I'm as sure as I can be that it's Staghorn algae, which belongs to the Red Algae family. 



Ds_BerSerK said:


> I haven't changed much in terms of the aquarium itself, the only thing is that I've started adding fish.



...and this is possibly when the algae was introduced into your tank. All it takes is one tiny fragment bagged up with your fish and this is then added to your tank. I suggest you do a search for 'staghorn' here on UKAPS. You will find plenty of references to this algae and, perhaps, some suggestions on how to get rid of it.

You could also take a look at the following, which is quite helpful:









						Compsopogon sp.
					

Compsopogon sp. Species Photos  Close-up of Staghorn strands. © Ghazanfar Ghori.   Strands of Staghorn in high light. © Chris Frey  Compsopogon sp. - Details and Treatment Latin Name:Compsopogon sp. Common Name(s):Staghorn Algae Algae Description:Staghorn algae grows as coarse, rubbery, and...

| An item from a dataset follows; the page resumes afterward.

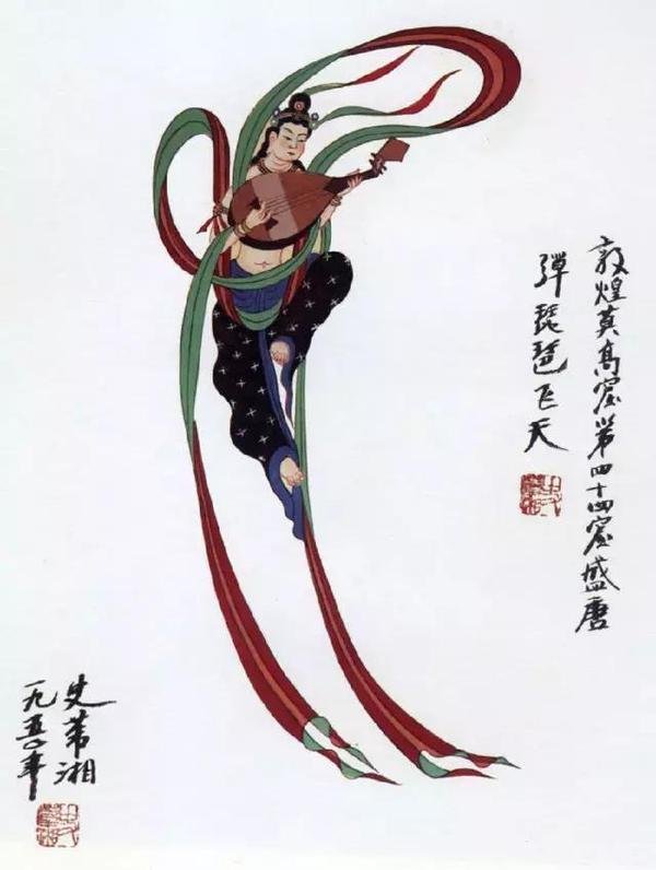 飞天怀抱琵琶右手拨弹,全身凌空向上飘举。

					www.aquaticplantcentral.com
				




Please keep us updated.

JPC


----------



## MichaelJ (3 May 2022)

Hi @Ds_BerSerK please post more information about your tank. I agree with @jaypeecee - it sure looks like Staghorn to me as well - likely introduced with LFS water/plants.






						Please read the guidelines for Algae help!
					

Dear Member  Please give as much detail as possible regarding your aquarium set-up, when requiring advice/help! Please upload photographs if possible. Copy and Paste the numbered questions and add your answers next to each!  1. Size of tank in litres. 2. Age of the set - up. 3. Filtration. 4...



					www.ukaps.org
				




Cheers,
Michael


----------



## Ds_BerSerK (3 May 2022)

My aquarium is 120cm x 50cm x 60cm around 350litres, temp is 25c.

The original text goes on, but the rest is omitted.